One of the most pleasant api's I have worked with was JDBI, on both links above, someone have already gave it a crack here but it does not seem fully fledged, something that the sqlx community might be better equipped to keep momentum on.
Thanks heaps for all the work! ❤️

[longfellowone]

Anyone given this a try? Looks simple

https://docs.rs/quaint/latest/quaint/#using-the-ast-module

[mike-lloyd03]

Can someone help me understand how push_bind is intended to work?

If I have this:

fn get_all(pool: &PgPool, sort_by = Option<String>) -> ... {
let mut query: QueryBuilder<Postgres> = QueryBuilder::new(
    r#"SELECT
        id,
        name
    FROM thing_users"#
    )

    if let Some(s) = sort_by {
        query.push("ORDER BY ").push_bind(s);
    };
}

query.build_query_as::<User>().fetch_all(pool).await

The ORDER BY field never seems to make a difference. The data returned is always ordered the same. I'm also having trouble trying to use this to generate a WHERE clause and am having similar results. Obviously, I can do something like query.push("ORDER BY ").push(s) but that's basically just blind SQL string concatenation which I'd like to avoid.

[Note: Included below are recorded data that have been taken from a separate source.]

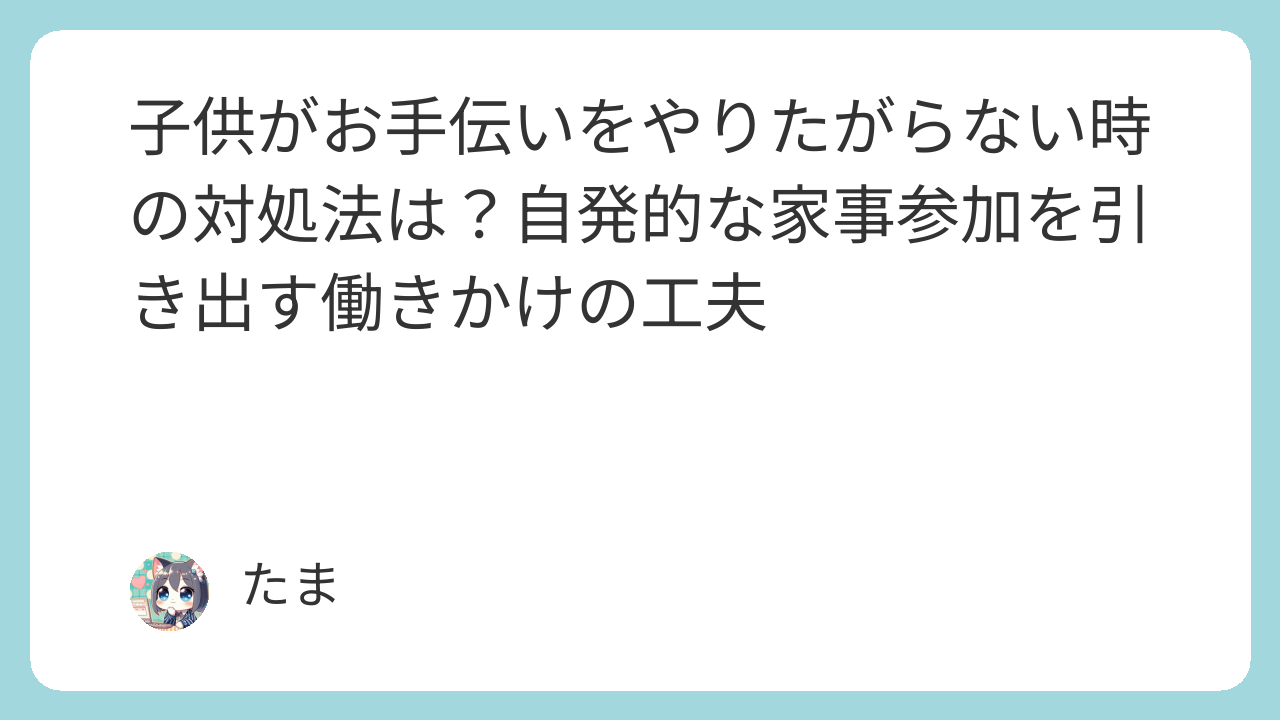この記事では、子供がお手伝いをやりたがらない理由を踏まえ、家庭の中でできる働きかけや習慣づくりの考え方をまとめています。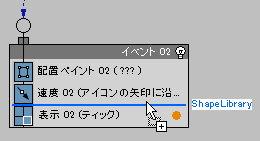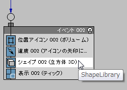 - Shape オペレータをコンテナからドラッグし、Event 002 にドロップします。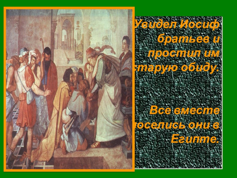 Слайд 15Увидел Иосиф братьев и простил им старую обиду. Все вместе поселись они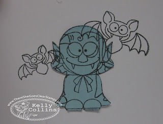 The first step is to create the mask. I chose Dracula here from this set and stamped him once on a Post-It paper (blue here) and once on my white cardstock. Then I carefully cut out the blue dracula to form my mask. (Once I create a mask for a stamp set, I store it with the stamp set for future use.)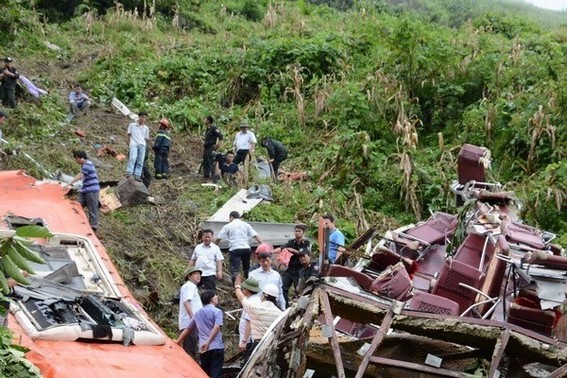 Hiện trường vụ tai nạn xe khách ở Lào Cai ngày 1/9 vừa qua khiến 14 người tử vong. (Ảnh: Lục Văn Toán/TTXVN)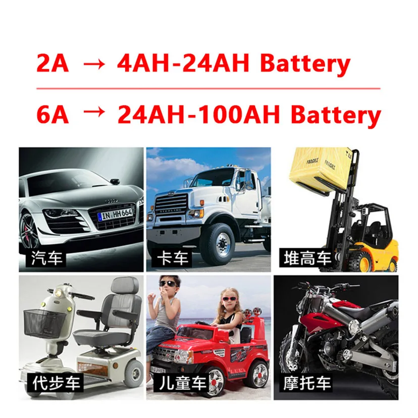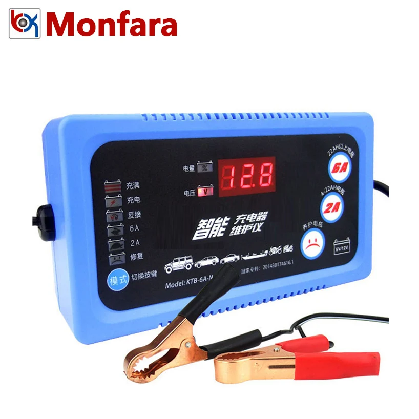 Big Promo 6V 12V Smart Car Motorcycle Battery Charger Full Automatic 2A 6A Lead-Acid AGM GEL Dry Batteries Po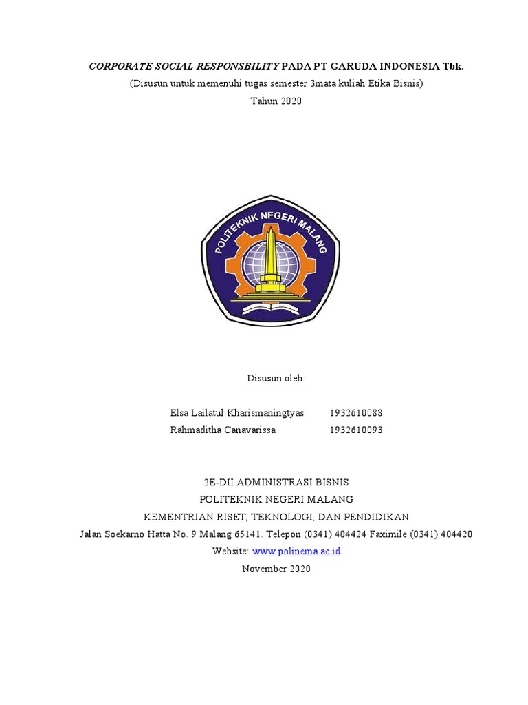 Penulisan laporan ini merupakan salah satu tugas mata kuliah Etika Bisnis di Politeknik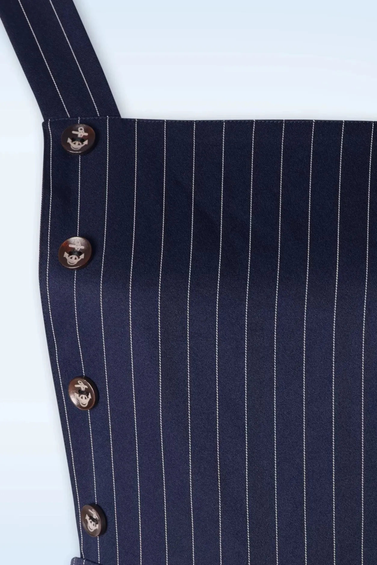 Lang Nadenken Over Je Outfit Behoort Tot Het Verleden Met Deze Dungarees! Uitgevoerd In Een Stevige Maar Soepele, Navyblauwe Stof (Stretcht Niet) Met Een Witte Krijtstreep Voor Een Heerlijk Draagcomfort En Is Afgewerkt Met ‘Faux’ Knopen Voorzien Van Ankertjes. Een Top Of Blouse Eronder, De Juiste Schoenen Erbij En Je Eye-Catching Retro Look Is Compleet!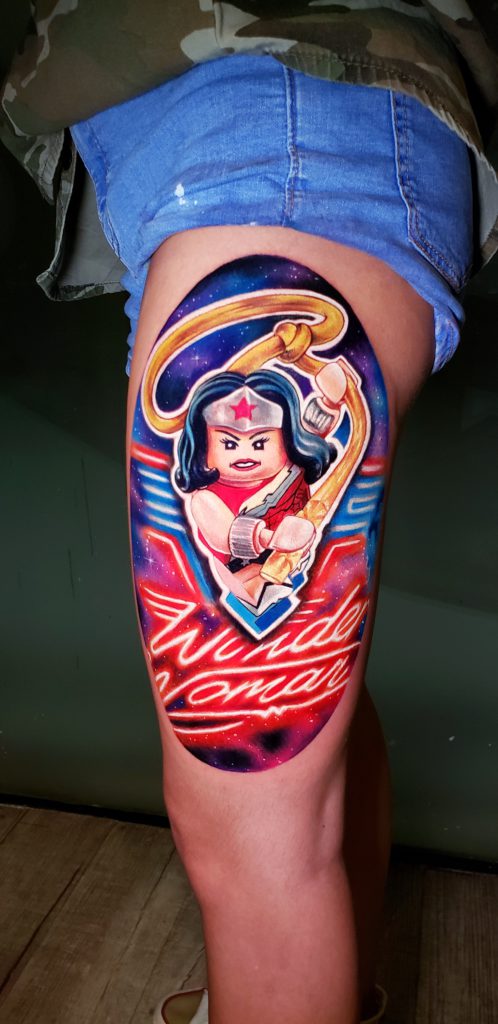“Sou tatuador há 5 anos e o desenho me inspira e deixa minha vida mais leve e bonita desde criança! Nesse tempo consegui transformar meu amor em profissão. Minha maior inspiração é a temática Geek, aonde me encontro e posso usar e abusar de minha criatividade em minhas criações e quando tudo isto tem uma pitada de cor se torna mais interessante ainda!”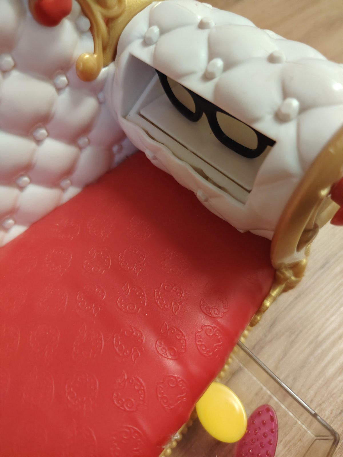Plastový. Nábytek se dá přemisťovat, schody jsou oddělávací.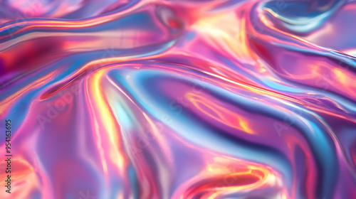 Abstract holographic pink, blue and yellow background with wavy texture.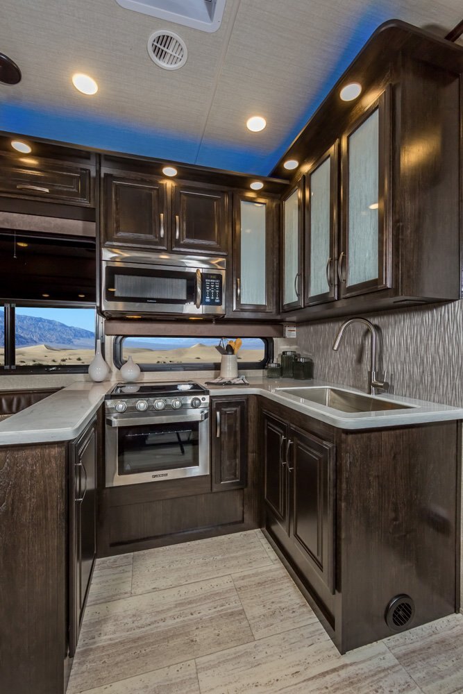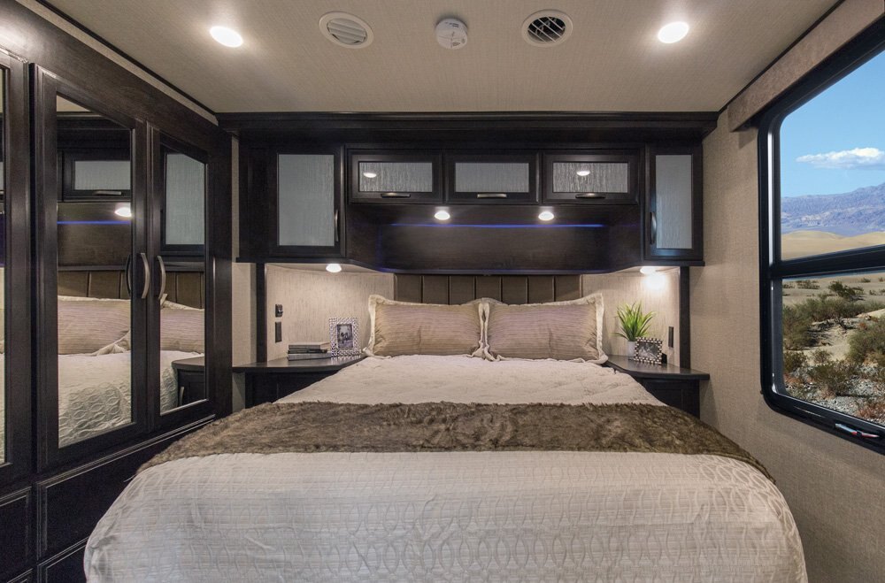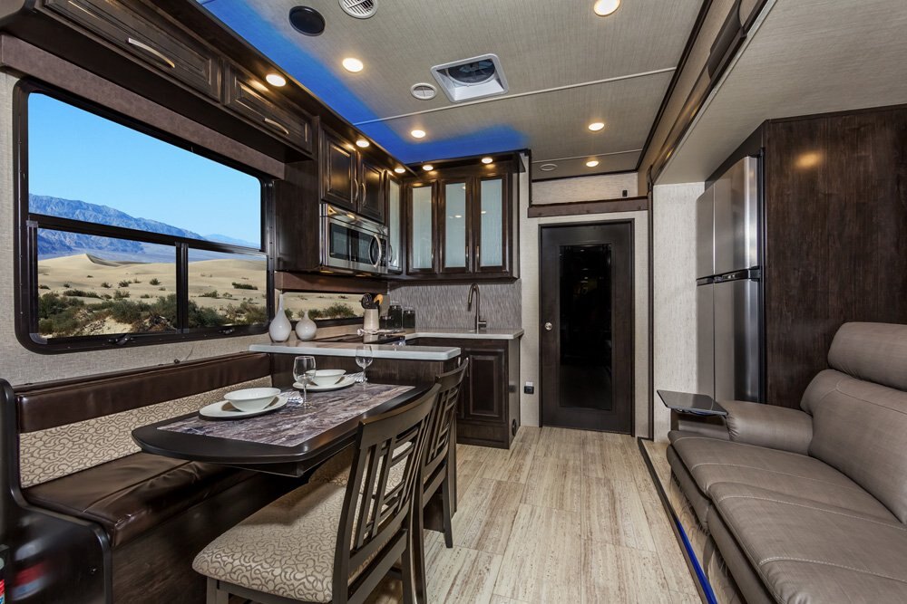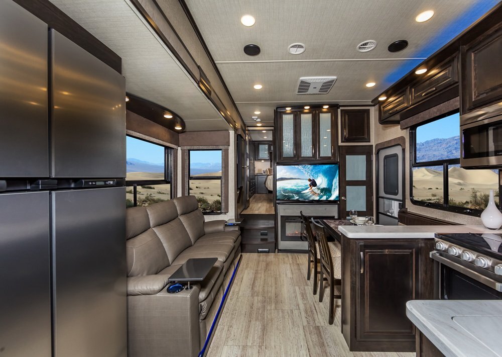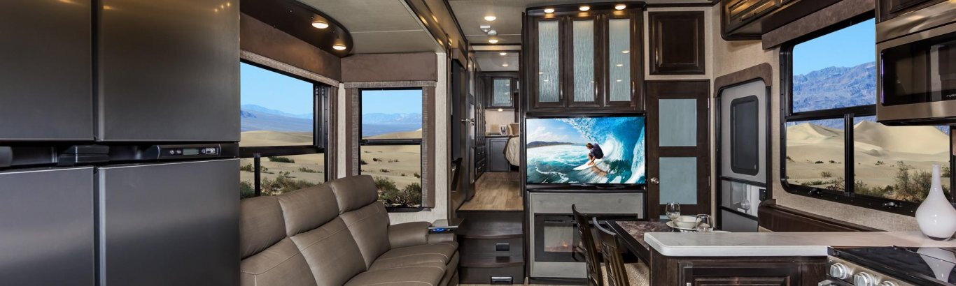 The Momentum Fifth Wheel Toy Hauler is the point where absolute luxury meets mobile garage! We have completely raised the Toy Hauler bar by incorporating an elegant Master Bath and Master Suite (with a full walk-in closet) into this unit! But trust us, we didn't ignore the Living and Garage areas. Check out our Floorplan Fly-Through Videos and get a feel for the extraordinary space we've created. We know you will agree with us when we say that "The Momentum RV is the place to live well and play hard!".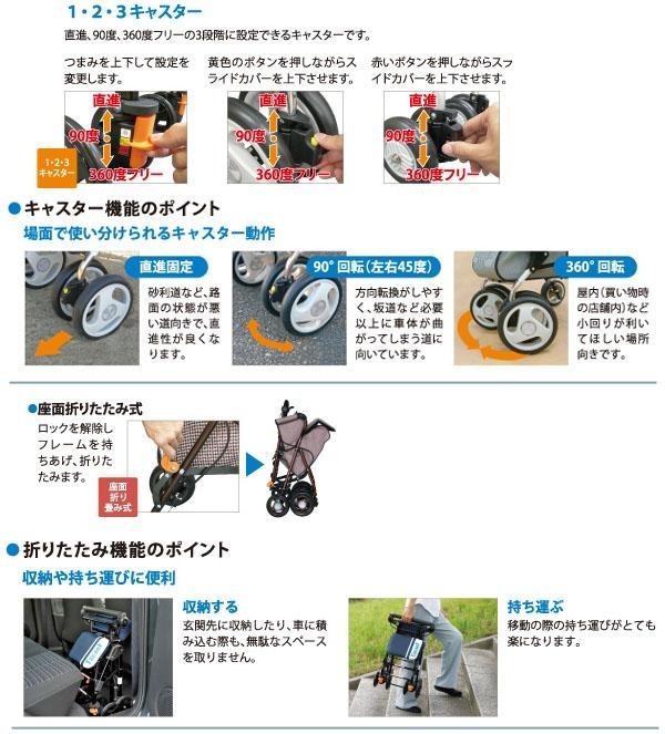 北欧デザインを採用したスタンダードタイプのシルバーカーです。座面下の大容量収納、キャスター式の前輪と大きな後輪による安定性、長時間座っていても疲れにくい幅広座面が特徴です。毎日のお買い物や、お出かけの時に最適です。 |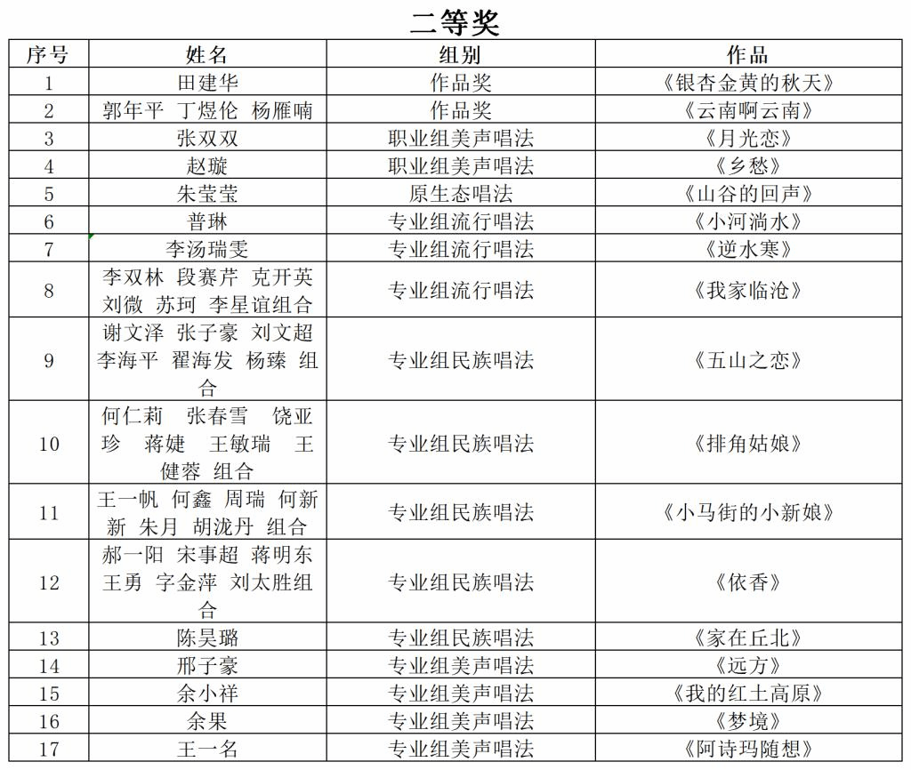 特别贡献奖1个(吴渝林、业原作曲《阿诗玛随想曲》)、作品类一等奖2个、职业组美声唱法一等奖1个、职业组流行唱法一等奖1个、职业组民族唱法一等奖1个、专业组流行唱法一等奖2个、专业组民族唱法一等奖2个、专业组美声唱法一等奖3个、作品类二等奖2个、职业组美声唱法二等奖2个、原生态唱法二等奖1个、专业组流行唱法二等奖3个、专业组民族唱法二等奖5个、专业组美声唱法二等奖4个、作品类三等奖1个、职业组美声唱法三等奖4个、职业组民族唱法三等奖3个、职业组流行唱法三等奖1个、专业组流行唱法三等奖2个、专业组民族唱法三等奖4个、专业组美声唱法三等奖5个、作品类优秀奖3个、职业组民族唱法优秀奖4个、职业组美声唱法优秀奖14个、专业组流行唱法优秀奖1个、专业组民族唱法优秀奖11个、专业组美声唱法优秀奖6个、原生态唱法优秀奖1个。

I think I'm fundamentally misunderstanding how push_bind works.

[abonander]

If s is some string "foo" then what you'll get out of that is

SELECT
    id,
    name
FROM thing_users ORDER BY $1

with $1 bound to the string 'foo', which is meaningless in an ORDER BY expression because the comparison for every row will essentially be 'foo' <= 'foo', and thus the ordering will be whatever order that Postgres produces the rows in.

If you're trying to order by the column foo you need to use query.push(s) to push the contents of the string to the query and you'll get

SELECT
    id,
    name
FROM thing_users ORDER BY foo

Of course, if sort_by is from, say, the query segment of a request URL then you're essentially injecting an attacker-controlled string into your SQL. That's what the warning on .push() pointing to .push_bind() is about. However, since you're actually trying to modify the SQL here then you should use .push() while checking that s is only one of the valid column names to sort by.